China, US reach some deals in trade row but Beijing says differences still relatively big

Published Fri, May 4, 2018 · 12:14 PM

[BEIJING] Top officials from China and the United States reached a consensus on some aspects of the countries' trade row, but disagreements over other issues remain "relatively big", China said on Friday.

A statement from the nation's state-run Xinhua news agency at the end of the talks gave little indication that there had been agreements on the biggest issues, stressing instead that there had been exchanges of opinion. The two sides, though, committed to resolving their trade disputes through dialogue, Xinhua said.

The Americans have yet to give their account of the talks.

In one specific sign of progress, US negotiators agreed to bring up with US President Donald Trump the question of a ban on US companies selling goods and software to Chinese telecommunication equipment maker ZTE Corp after representations from the Chinese side, the report said. ZTE faced the seven-year ban after the US said it failed to keep to an agreement it made after breaching US sanctions.

The talks over the past two days have involved a high-level US trade delegation led by Treasury Secretary Steven Mnuchin and top Chinese officials, including Vice Premier Liu He, following months of threats and counter threats from both sides in a series of disputes over trade practices.

The US team has already left Beijing and is heading back to the US, a U.S. official told Reuters early on Friday evening.

The trade discussions had been "candid, efficient and constructive," Xinhua said, but gave almost no details on what the officials had agreed.

The officials exchanged opinions on resolving tariffs and non-tariffs measures, on expanding two-way investment and the protection of intellectual property, and on expanding US exports to China and bilateral services trade, Xinhua reported. It gave no indication of what actions might be taken based on those exchanges.

"My impression was that (the talks) didn't go well given the rhetoric," said Kevin Lai, senior economist at Daiwa Capital markets in Hong Kong. "I think the divide is still very big."

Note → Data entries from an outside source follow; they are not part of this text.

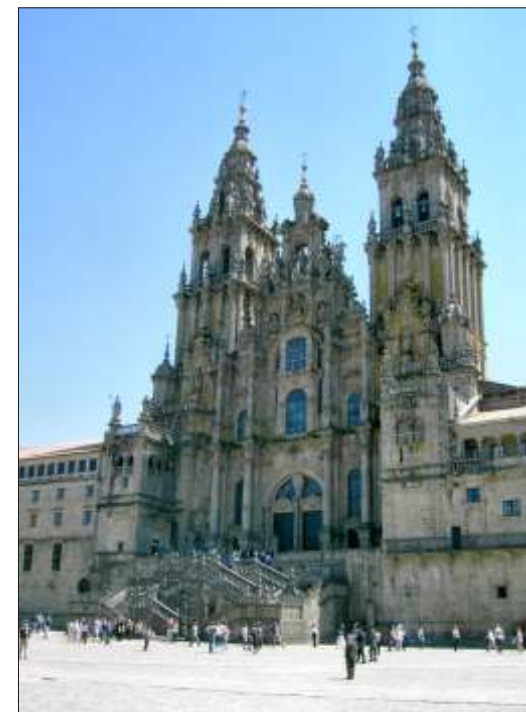
Altid mennesker og liv på pladsen foran den meget smukke katedral i Santiago de Compostela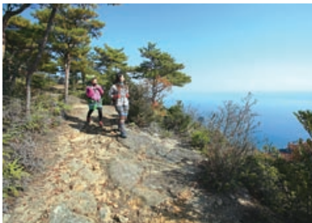
天草観海アルプスの風景

九州新幹線の全線開業や観光特急「A列車で行こう」の運行により、これまで減少傾向にあった上天草市の観光宿泊客数は増加に転じました。この効果を一過性のものとしないうちに、不知火海が一望できる天草観海アルプスを新たな観光資源として捉え、この地域資源を実際に体験してもらうため、女性のファッションに注目した取り組みを行いました。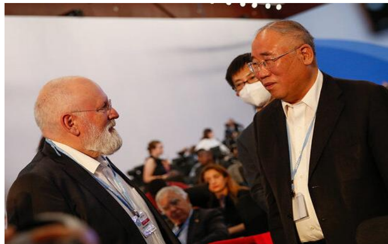
EU-vicevoorzitter Frans Timmermans en China's klimaatgezant Xie Zhenhua

Ontwikkelingslanden, w.o. ook de Caricom onder leiding van de voorzitter C.Santokhi, hebben zich sterk gemaakt om een speciaal schadefonds te krijgen. De EU ging als eerste overstag om een fonds te steunen onder voorwaarde dat de donorbasis zou worden uitgebreid, het gericht zou zijn op de meest kwetsbare ontwikkelingslanden en als Cop27 ook zou instemmen met krachtige actie om de uitstoot te verminderen. Aan deze voorwaarden werd gedeeltelijk voldaan en ontwikkelingslanden accepteerden het aanbod. De VS en andere rijke landen stapten uiteindelijk ook aan boord.

In an editorial on its website, widely-read Chinese state-run tabloid the Global Times cited people close to the talks as saying the Chinese "hit back hard" at US criticism, letting them know that China won't give in.

The United States has proposed tariffs on US$50 billion of Chinese goods under its so-called "Section 301" intellectual property probe. Those could go into effect in June following the completion of a 60-day consultation period, but activation plans have been kept vague.

China has said its own retaliatory tariffs on US goods, including soybeans and aircraft, will go into effect if the US duties are imposed.

The US tariffs focus heavily on technology products benefiting from the "Made in China 2025" programme, which promotes the development of 10 sectors including aerospace, robotics and clean-energy cars.

A breakthrough deal to fundamentally change China's economic policies was viewed as highly unlikely during the two-day visit, though any signs of meaningful progress in the dispute could delay any punitive action from the US.